Al principio no le dieron importancia, ocupados como estaban en sus coqueteos, pues ninguno de los dos tenía aún desarrollado el sentido del peligro. Pero cuando vieron a un grupo de forajidos descolgarse con cuerdas de los árboles que les rodeaban, con intenciones claramente aviesas, comprendieron, demasiado tarde, que habían sufrido una emboscada.
Beltrán animó a Braira a que montara, en un intento desesperado de emprender la huida. El aspecto de esos desarrapados resultaba muy inquietante. Iban armados con cuchillos, alguno llevaba una vieja cota de malla sobre el jubón y, para empeorar las cosas, no hablaban la lengua occitana, sino la de Oil, propia de franceses. Mal indicio.
Desde hacía algún tiempo, los legados papales, Pedro de Castelnau, Raúl de la Fontfría y Arnau de Amaury, antiguo abad de Poblet ascendido hasta la cabecera de la orden del Císter, recorrían la región instando a los cátaros a que regresan al redil católico y animando a sus protectores a castigar a los que se negaran a hacerlo. La propia Montpellier acababa de aprobar un decreto de expulsión de los herejes albigenses, que no se aplicaba con excesivo rigor y del cual los dos jóvenes viajeros no tenían, por supuesto, la menor noticia. Lo que sí sabían, por haberlo oído comentar en sus casas, era que esos dignatarios se desplazaban en carruajes lujosos, rodeados de boato y recubiertos de alhajas, lo cual no sólo gustaba poco a los habitantes de esa tierra que apreciaba la sencillez, sino que constituía una invitación explícita al robo para una legión de harapientos procedentes de todas partes. Chusma contratada para garantizar su seguridad y chusma de bandidos, maleantes y salteadores atraída por sus riquezas. Chusma, al fin al cabo, acudida al olor de una muerte inminente. Buitres hambrientos de carroña.

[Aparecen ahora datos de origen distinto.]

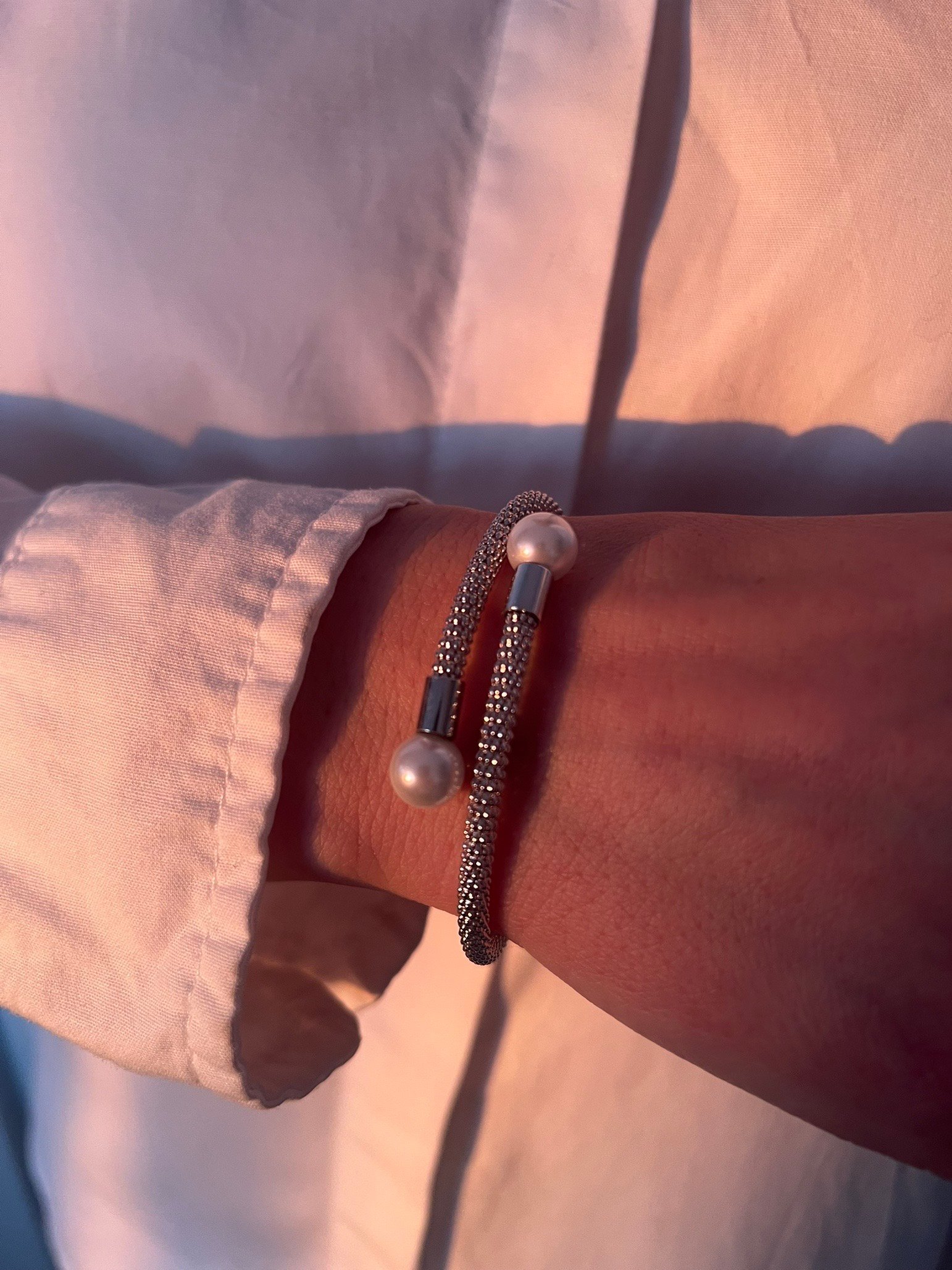 Луксозна гривна Silver Mesh Pearl Bracelet, изработена от сребро проба 925, впечатлява със своята фина плетена структура и елегантни сферични акценти в краищата.

—¡Vámonos de aquí enseguida! —urgió el escudero a Braira.
—¡¿Cómo?!
Aterrada, la muchacha se puso a gritar a voz en cuello pidiendo auxilio, mientras intentaba subir a su caballo con la ayuda de un Beltrán entumecido por el miedo e incapaz de vencer el engorro de las faldas, sayas y demás ropajes que entorpecían los movimientos de su dama.
El primer golpe tumbó al chico. Le habían dado con una maza en la cabeza antes de que pudiera reaccionar, dejándole tendido en el polvo con un hilillo de sangre manando de la herida abierta. A ella la sujetaron entre dos, mientras se defendía a patadas, mordiscos y arañazos.
Sin dejar de forcejear, vio cómo revolvían sus alforjas y las de su compañero en busca de botín, cómo rebuscaban en los bolsillos de este y cómo la miraban a ella, con más que codicia en los ojos. Uno de los asaltantes, que olía a establo y exhalaba un aliento tan podrido como sus dientes, la tiró al suelo de un empujón, a la vez que se bajaba los calzones entre gorgoteos incomprensibles.
Todo parecía irreal. Unos minutos antes escuchaba palabras galantes de labios de su juglar y ahora estaba a punto de perder la honra bajo el peso de una bestia de aspecto vagamente humano. ¿Podía el hombre transformarse tanto?
Chilló y se resistió con todas sus fuerzas confiando en que llegara ayuda, pero fue en vano. Afortunadamente para ella, los secuaces de su agresor se divertían contemplando la desigual pelea, formando un círculo a su alrededor y animando con obscenidades al que trataba de violarla, en lugar de inmovilizarla. Eso le permitió propinarle un rodillazo en la entrepierna, que le arrancó un aullido lastimero y transformó su rostro en una máscara de odio.
Braira sintió entonces lo que es el verdadero terror. La bestia que tenía encima respondió a la patada con un puñetazo y el mundo que la rodeaba se desvaneció en tinieblas.